Alexander Anderson

1845-1909 / Scotland

On The Engine In The Night-Time

On the engine in the night-time, with the darkness all around,
And below the iron pulses beating on with mighty sound.
And I stand as one in wonder, till within a flush of pride
Leaps and kindles, and my soul is in the mighty monster's stride.
Then I hear amid the clanking and the tumult of the steel,
Something like a song spring upward from the grinding of the wheel,
Low at first, but high and higher till, as day is wide and free,
Came the song, and this mad lyric sang the monster unto me:—
'In the glowing of my bosom, in the roar and rush of fire,
Is the strength that makes the distance shrivel in to my desire,
And I roll along in thunder swift as is the lightning fleet—
Let the Frankensteins who made me keep the guiding of my feet,
For I work with them and labour, bearing in my smoky mirth
All the strain and rush of traffic, as an Atlas bears the earth;
Striving with them till my sinews, bending to their mighty load,
Shake and glisten like the muscles on the shoulder of a god.
Shame that I should let such puppets move me at their slightest will—
I, the Cyclops of this darkness, with a forehead flaming still—
I who have within a vigour equal to all fabled pow'r,
And the soul of mad Prometheus, with his cunning for a dow'r!
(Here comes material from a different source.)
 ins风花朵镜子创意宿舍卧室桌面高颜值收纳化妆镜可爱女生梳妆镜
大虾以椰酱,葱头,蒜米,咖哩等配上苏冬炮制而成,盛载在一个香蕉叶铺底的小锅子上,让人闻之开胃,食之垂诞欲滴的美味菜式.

But they draw me onward, placing iron threads to meet my grasp,
Linking all my strength to method and a hundred-armèd clasp,
So that all my panting being, marvelling at such display,
Questions, as I foam and thunder, 'Who is greater? I or they?'
This should gall me, but their purpose mixing ever with my own,
Keeps the iron will within me pulsing to a proper tone.
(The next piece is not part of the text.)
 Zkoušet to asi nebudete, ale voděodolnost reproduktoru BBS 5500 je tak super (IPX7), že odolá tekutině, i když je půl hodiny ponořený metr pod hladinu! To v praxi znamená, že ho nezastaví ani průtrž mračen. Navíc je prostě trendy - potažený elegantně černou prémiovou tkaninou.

Therefore let my mission widen till my shriek of triumph rings,
Ever from the front of Progress rushing on through human things.
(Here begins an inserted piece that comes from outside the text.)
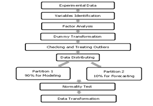 Figure 2 depicts the modelling flowchart showing all the procedures involved in this research, starting with experimental data comprised of site data collection and laboratory analysis, mathematical variables identification, factor analysis and dummy transformation, treating outliers, data partitioning for modelling (90%) and forecasting (10%). Preparing the data facilitates statistical analysis, and this includes checking for data normality, identifying necessary extracted variables, statistically adjusting for outliers and data transformation.11 Non-normal data were transformed into normality by using basic transformation such as logarithmic function and square root transformation.12

Lo! the ages yet that slumber in the mighty womb of Time,
At their birth shall gather round me, for my strength shall touch its prime.
They shall take me for their pulse, and bring around my giant life
All the mad and restless world, with its myriad forms of strife.
Then a deeper thirst shall stir me, and a wilder vigour cling
To my never tiring sinews, as my iron footsteps ring.
Puppets of a restless frenzy, they shall work me till the earth
Bears upon her furthest bosom fiery tokens of my birth.
But I make myself a prophet, yet these miracles shall be,
And be sung in lyrics worthy of this iron heart in me.
Therefore thou who standest wondering while I toil and shriek along,
See that all my world mission touch thee into proper song.
Sing the nerve and toil within me, and the vast desires that fret,
Till before them all their purpose and their mighty goals are set;
Sing them unto men in music, rough as is my tortured shriek,
When my strength flares up within me, and my mighty soul must speak,
So that I may hear their pæans as I flash and thunder on,
The rough Hercules of Labour, ever potent and alone.'
Thus the monster sang, and ever as he sped with flash and glare
All his fiery thoughts went upward, like red stars into the air,
And each throb that shook his being found a ready voice in mine,
Crying—All the soul within him is but as a part of thine;
Then a deeper pride grew in me, and my heart beat higher still,
For I felt myself a part of all his iron strength and will—
Mine the endless grasp of sinew, mine the miracle of mind,
Mine the glory and the triumph of my toiling fellow-kind.
Thus I thought; and through the night-time, as the monster clank'd along,
I grew prouder of my labour and my little gift of song.